Task requirements: In the entries that follow, find the line containing "- 数据显示单元:LCD1602显示屏用于呈现实时监测数值与系统状态。" and the line containing "8月14日,在梵净山野生动物救护中心,工作人员给一只黔金丝猴喂食。新华社记者 杨楹 摄", then retype exactly the lines from the first through the second, pictures excluded.

Dataset content:
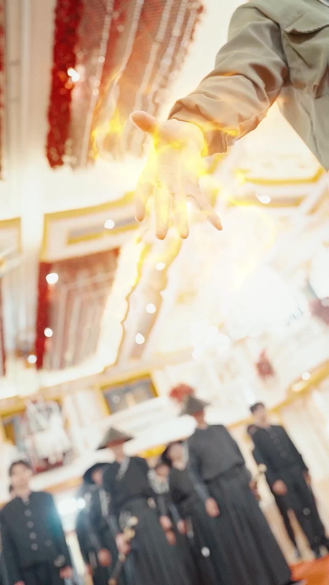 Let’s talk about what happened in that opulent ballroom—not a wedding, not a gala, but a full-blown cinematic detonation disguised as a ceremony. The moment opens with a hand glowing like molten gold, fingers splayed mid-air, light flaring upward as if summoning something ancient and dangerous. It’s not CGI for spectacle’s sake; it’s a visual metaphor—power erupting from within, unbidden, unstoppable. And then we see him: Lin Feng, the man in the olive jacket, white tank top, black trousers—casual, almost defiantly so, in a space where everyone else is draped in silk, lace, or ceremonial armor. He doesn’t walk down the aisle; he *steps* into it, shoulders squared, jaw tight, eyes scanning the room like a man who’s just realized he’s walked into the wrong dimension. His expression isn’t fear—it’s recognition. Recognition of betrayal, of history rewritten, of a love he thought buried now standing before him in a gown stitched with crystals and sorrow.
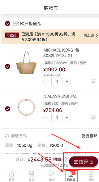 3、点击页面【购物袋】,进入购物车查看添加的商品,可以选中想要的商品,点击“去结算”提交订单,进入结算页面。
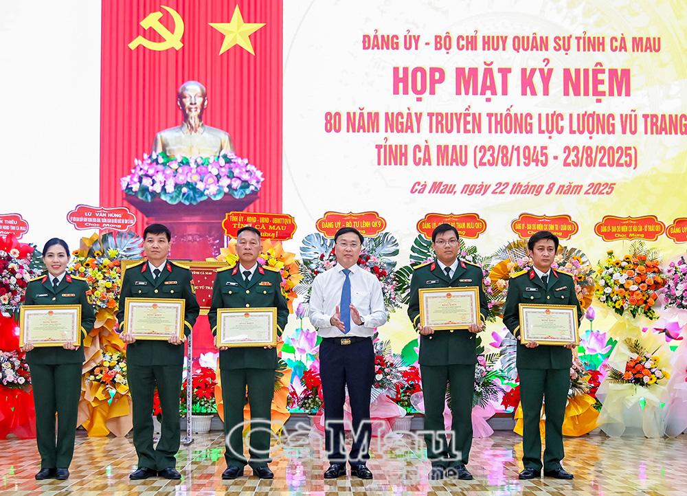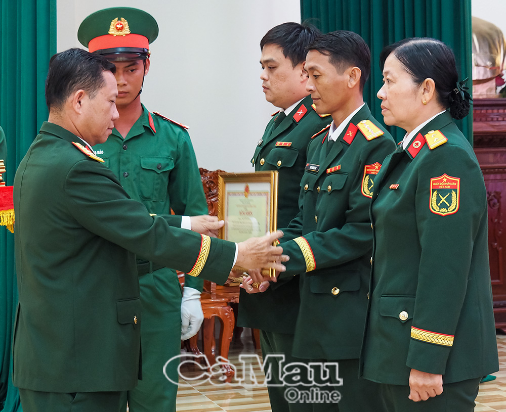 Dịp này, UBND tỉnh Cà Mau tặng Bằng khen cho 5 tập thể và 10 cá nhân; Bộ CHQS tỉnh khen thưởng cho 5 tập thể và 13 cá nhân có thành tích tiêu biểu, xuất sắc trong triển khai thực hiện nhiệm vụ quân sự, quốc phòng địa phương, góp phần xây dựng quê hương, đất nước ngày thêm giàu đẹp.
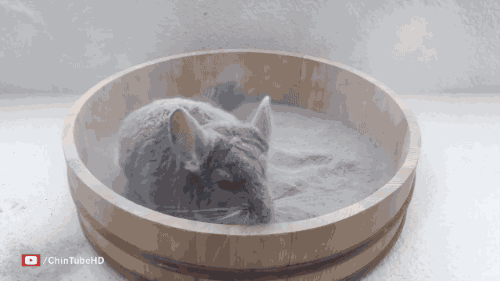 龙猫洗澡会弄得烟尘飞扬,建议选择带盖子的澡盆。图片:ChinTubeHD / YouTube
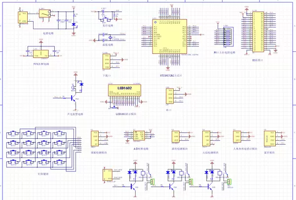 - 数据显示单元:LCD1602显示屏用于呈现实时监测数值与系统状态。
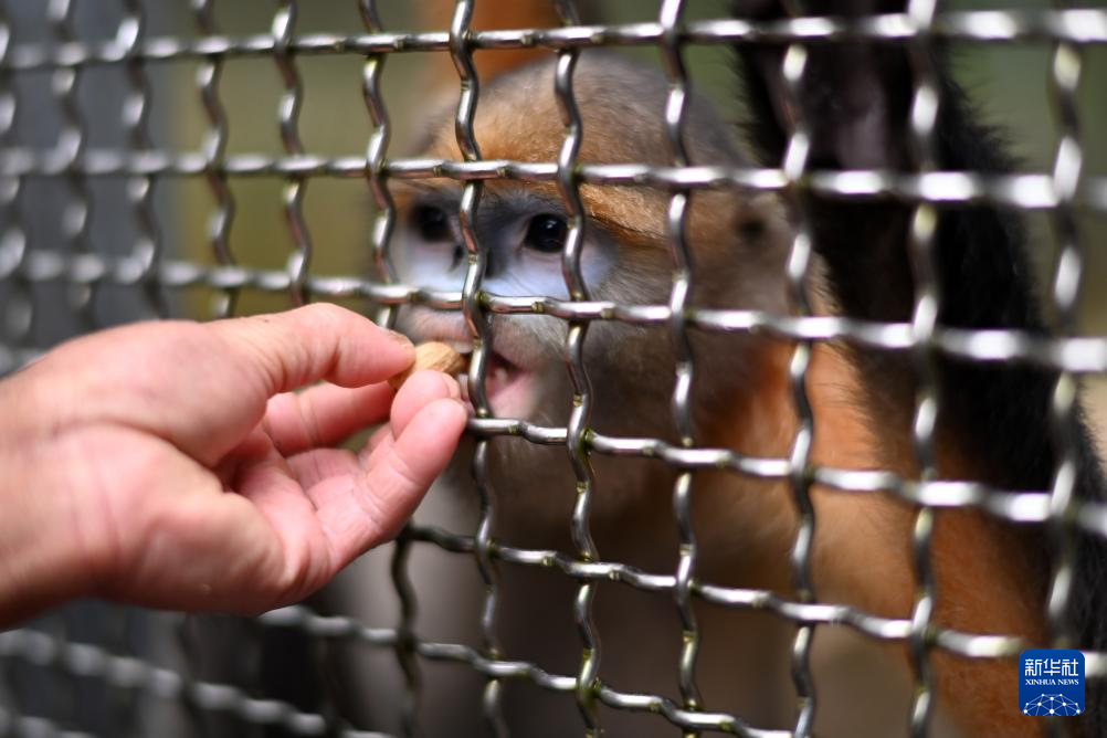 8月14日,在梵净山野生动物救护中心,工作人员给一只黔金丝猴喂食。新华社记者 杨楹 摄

---

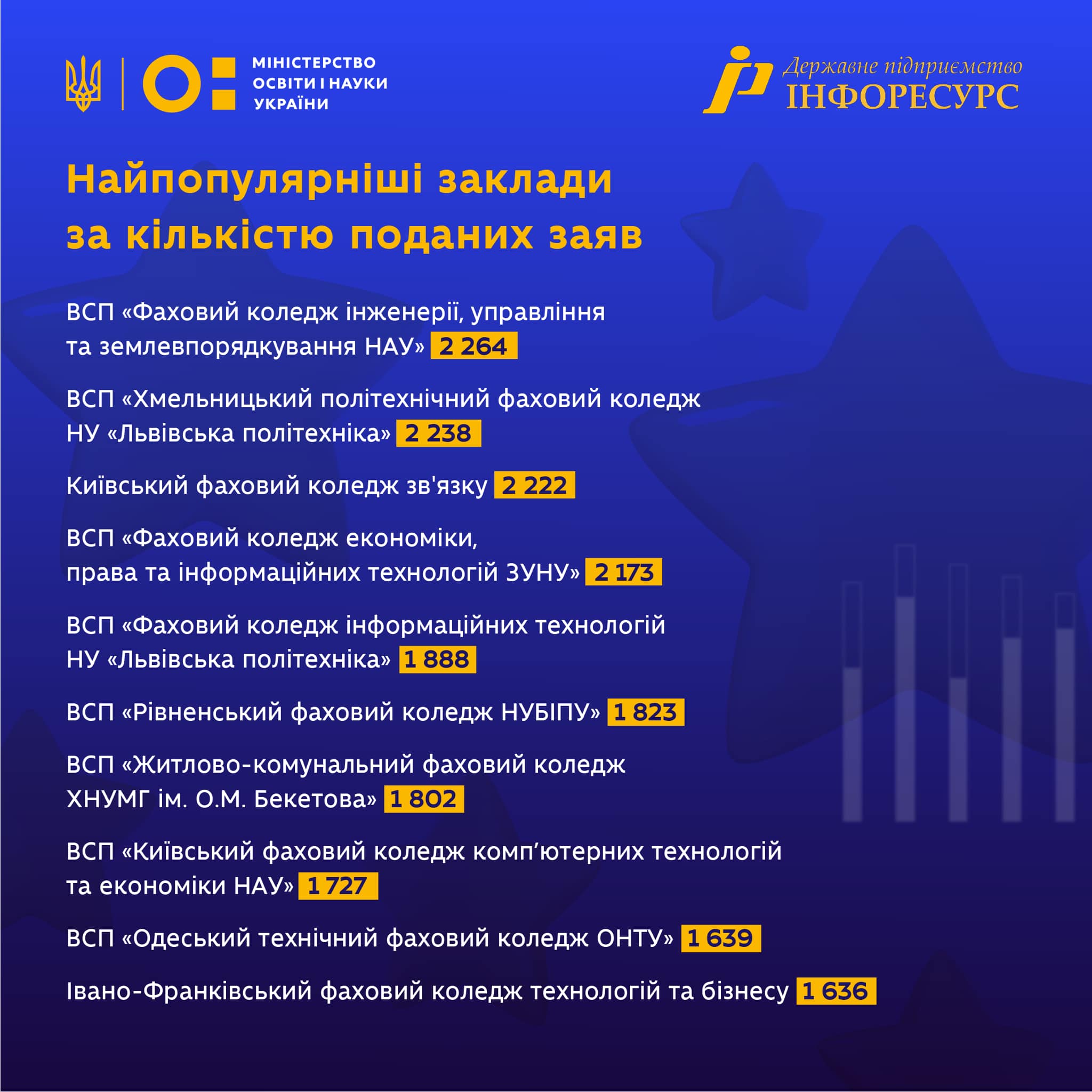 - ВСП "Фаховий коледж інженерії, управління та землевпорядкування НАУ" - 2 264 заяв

Response to this task:
 - 数据显示单元:LCD1602显示屏用于呈现实时监测数值与系统状态。
 8月14日,在梵净山野生动物救护中心,工作人员给一只黔金丝猴喂食。新华社记者 杨楹 摄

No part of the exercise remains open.